##### Collected material #####

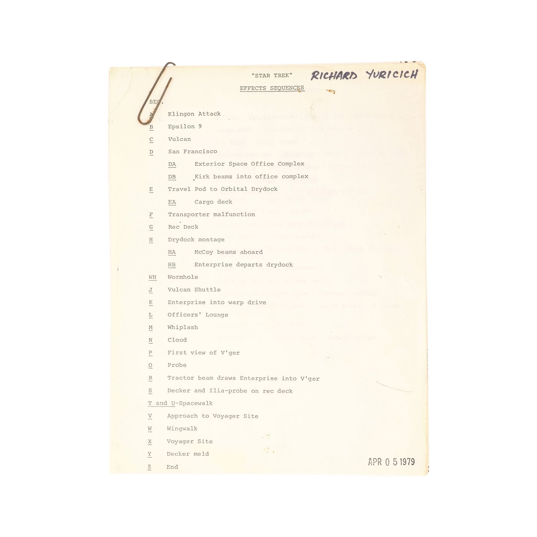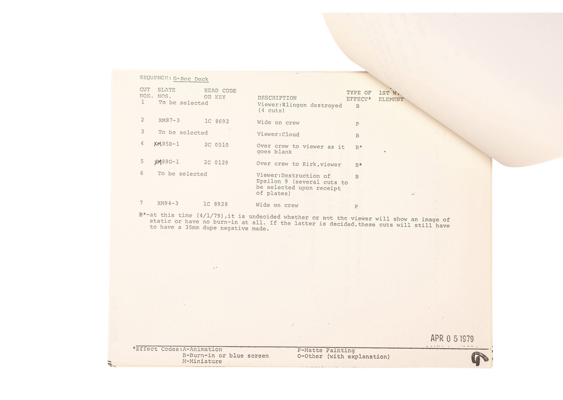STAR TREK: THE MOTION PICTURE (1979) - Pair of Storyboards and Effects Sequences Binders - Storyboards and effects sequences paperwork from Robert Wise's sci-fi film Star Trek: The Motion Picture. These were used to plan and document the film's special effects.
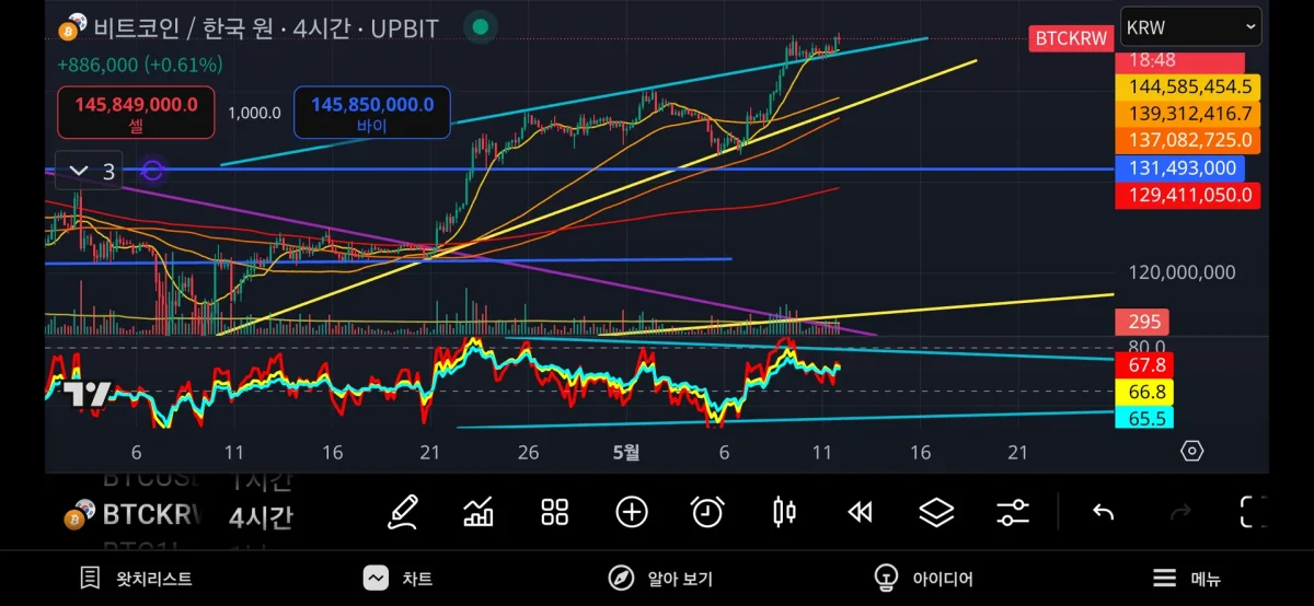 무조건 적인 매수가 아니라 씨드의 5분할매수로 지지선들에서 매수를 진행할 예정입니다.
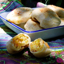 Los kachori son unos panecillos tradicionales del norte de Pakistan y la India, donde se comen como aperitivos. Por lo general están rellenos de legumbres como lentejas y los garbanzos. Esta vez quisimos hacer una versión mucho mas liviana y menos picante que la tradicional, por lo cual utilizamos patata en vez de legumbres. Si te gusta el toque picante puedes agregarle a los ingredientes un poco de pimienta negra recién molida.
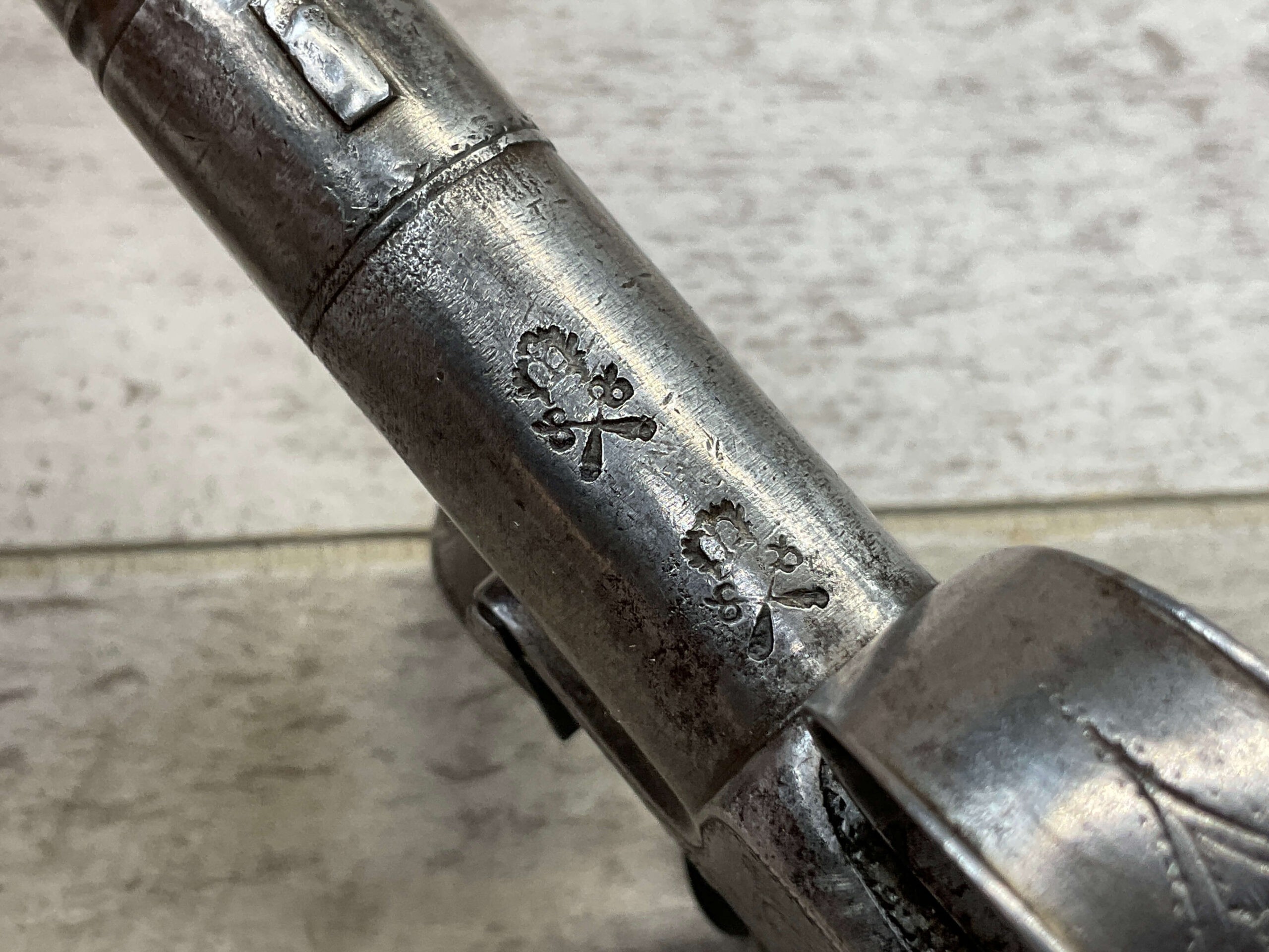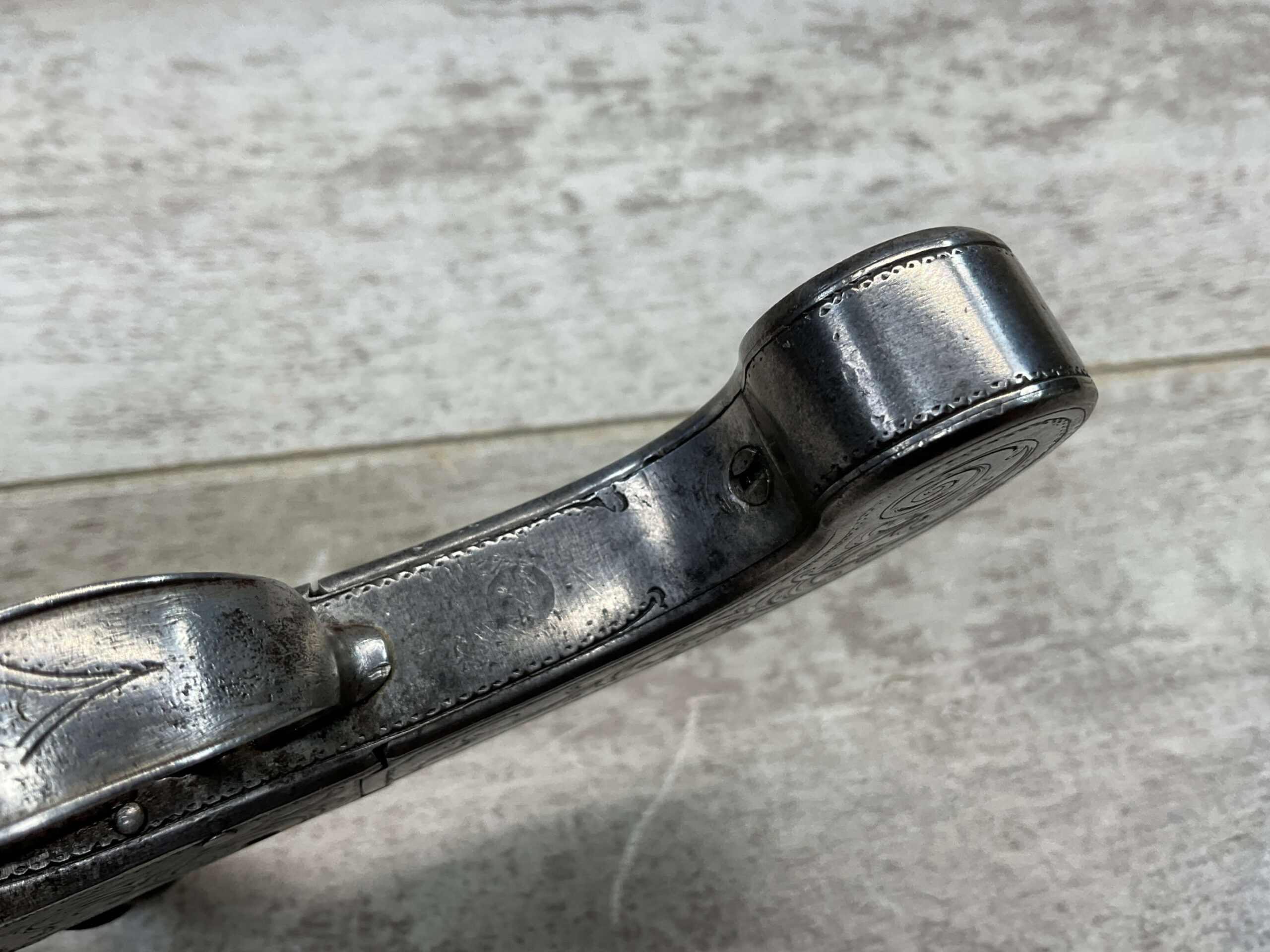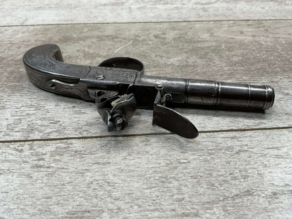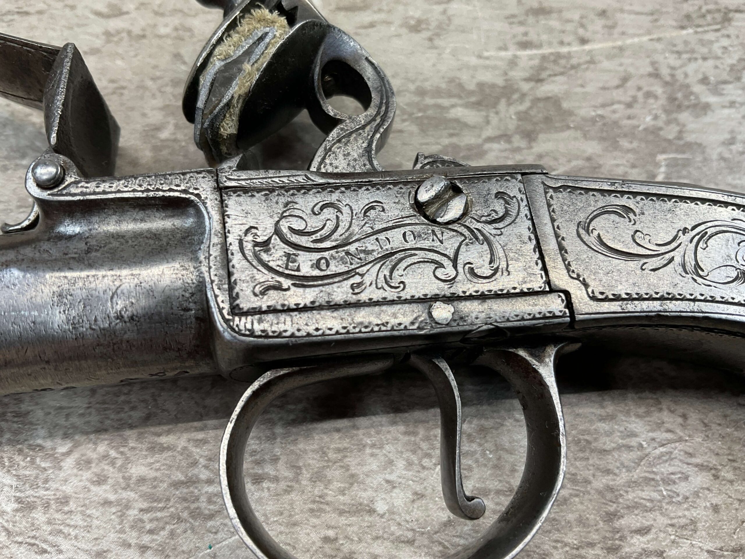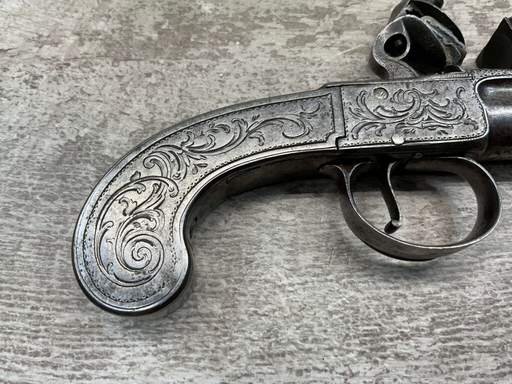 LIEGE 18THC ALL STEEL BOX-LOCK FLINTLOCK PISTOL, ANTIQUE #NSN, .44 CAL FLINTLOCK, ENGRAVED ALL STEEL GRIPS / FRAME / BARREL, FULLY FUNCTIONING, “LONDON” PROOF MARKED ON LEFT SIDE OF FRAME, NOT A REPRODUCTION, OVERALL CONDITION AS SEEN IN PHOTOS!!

#####

**Requirement:** Please, without any pictures, write out exactly the lines of the listing from its first line through the line that holds "무조건 적인 매수가 아니라", ends included, and nothing beyond them.

**Your response:**
STAR TREK: THE MOTION PICTURE (1979) - Pair of Storyboards and Effects Sequences Binders - Storyboards and effects sequences paperwork from Robert Wise's sci-fi film Star Trek: The Motion Picture. These were used to plan and document the film's special effects.
 무조건 적인 매수가 아니라 씨드의 5분할매수로 지지선들에서 매수를 진행할 예정입니다.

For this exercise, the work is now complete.